PDC premier events – best performances
- UK Open: Last 128: 2013
- World Series Finals: Last 48: 2018

= Maik Langendorf =

Austrian darts player

Maik Langendorf (born 11 March 1972) is a German-based Austrian former professional darts player, who played in Professional Darts Corporation (PDC) events.

He represented Austria in the PDC World Cup of Darts twice, alongside Mensur Suljovic in 2010 and 2013. He is a former PDC Tour Card holder, having held one from 2017 to 2018 after winning it at 2017's PDC Q–School.

==Career==

===2010===
He represented Austria at the 2010 PDC World Cup of Darts, partnering Mensur Suljović. They were seeded 14th and defeated 19th seed Denmark 6–4 in the first round.

===2013===
In February 2013, he represented Austria at the PDC World Cup of Darts for a second time.
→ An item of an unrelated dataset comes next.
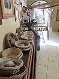 - Rez-de-chaussée : des pains exposés avec une collection de documents sur le métier en lui-même. On y trouve tous les outils nécessaires à l'enfournement des pains: fourche à fagots, tire-braise, étouffoir, pelles, panière en jonc, etc. On y trouve aussi la partie réservée à la préparation de la pâte : pétrins, bannetons, tamis, raques, planchons et bacs à farine.

At the 2013 event he once again partnered Mensur Suljović. They were placed in Group A alongside Japan, who defeated Austria 5–4 in a deciding leg, and number 1 seed England who beat Austria 5–2, leaving Austria bottom of the group with 0 points and therefore eliminated in the group stage.

===2017===
He won a PDC tour card on the second day of the 2017 PDC Darts Qualifying School.

===2018===
In October 2018, Langendorf qualified for the 2018 World Series of Darts Finals through the Tour Card Holder qualifier. He lost to Damon Heta 6–5 in a deciding leg in the first round.